▸ GIVEN MATERIAL
%%
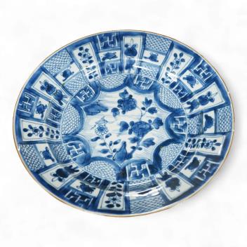 Lot 1287 , A Chinese kraak style blue and white dish, Kangxi period, 28cm diameter
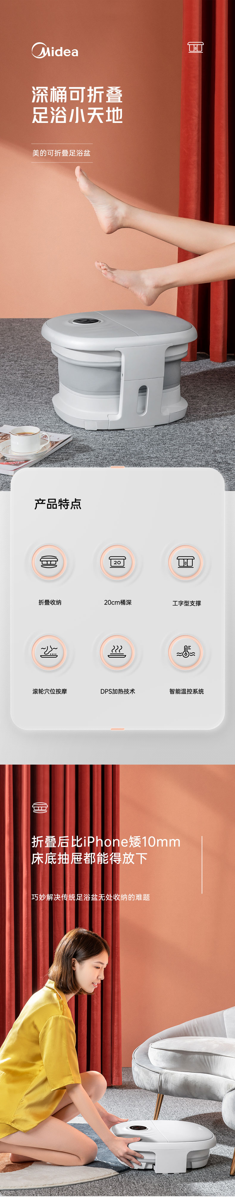 商品名称:美的(Midea)-MK-AY0101-电足浴盆-折叠便携恒温加热-白色-单位:台
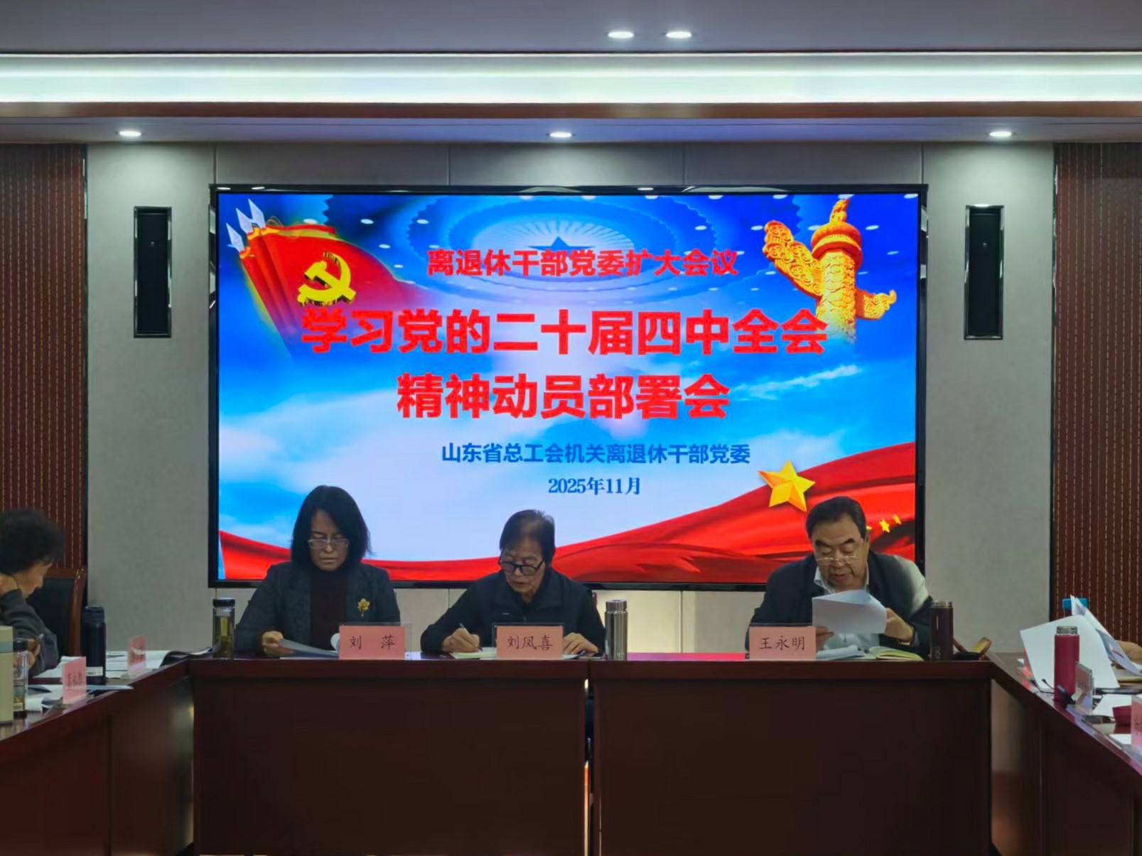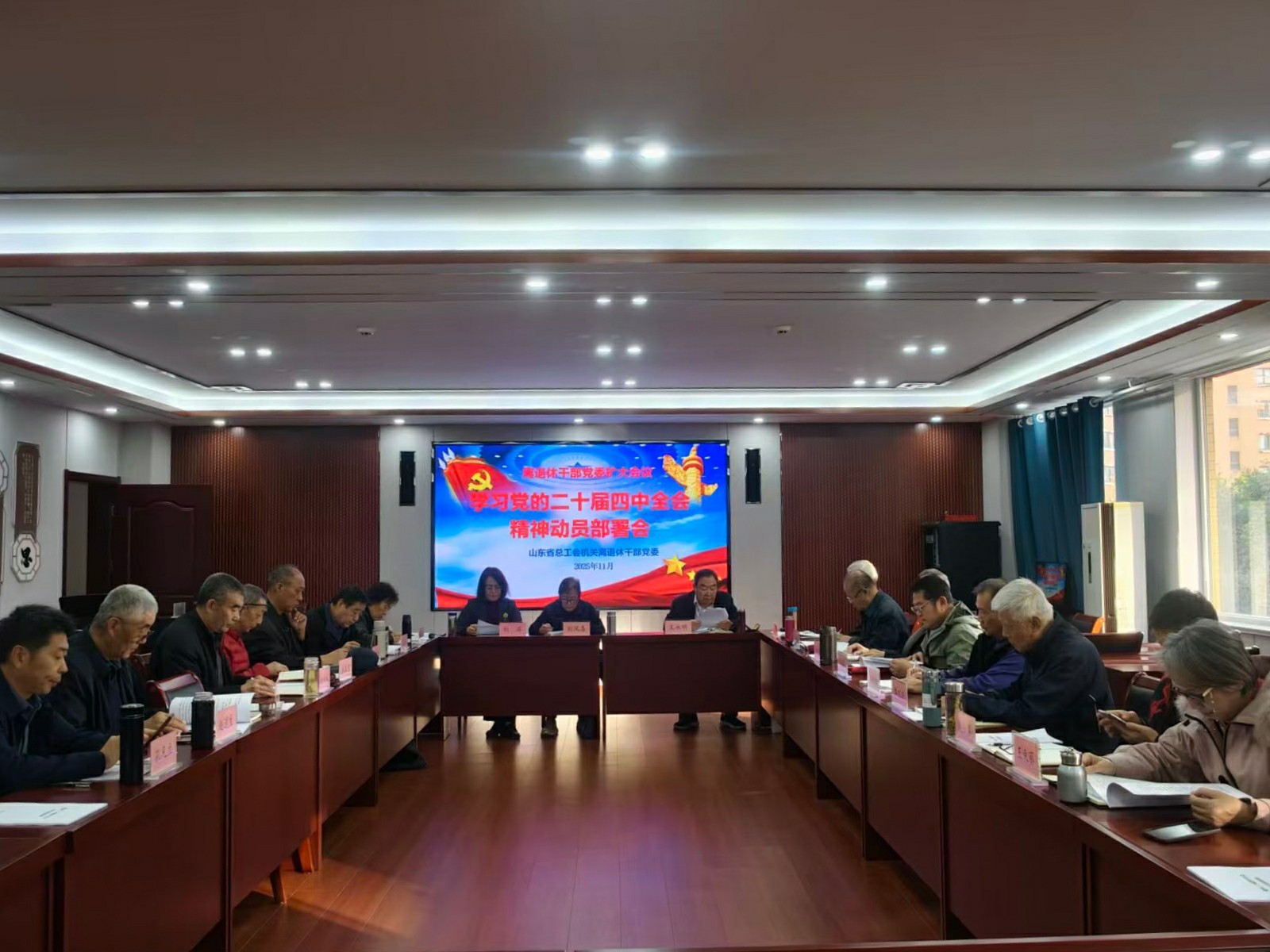 11月13日下午,山东省总工会机关离退休干部党委召开党委扩大会议,专题部署党的二十届四中全会精神学习宣传贯彻工作。离退休干部党委书记刘凤喜主持会议。离退休干部党委委员、各党支部书记、支部委员及离退休干部处工作人员等20余人参加会议。
%%
▸ TASK INSTRUCTIONS
Reproduce the material word for word. Skip every picture it holds.

▸ FINISHED EXERCISE
 Lot 1287 , A Chinese kraak style blue and white dish, Kangxi period, 28cm diameter
 商品名称:美的(Midea)-MK-AY0101-电足浴盆-折叠便携恒温加热-白色-单位:台
 11月13日下午,山东省总工会机关离退休干部党委召开党委扩大会议,专题部署党的二十届四中全会精神学习宣传贯彻工作。离退休干部党委书记刘凤喜主持会议。离退休干部党委委员、各党支部书记、支部委员及离退休干部处工作人员等20余人参加会议。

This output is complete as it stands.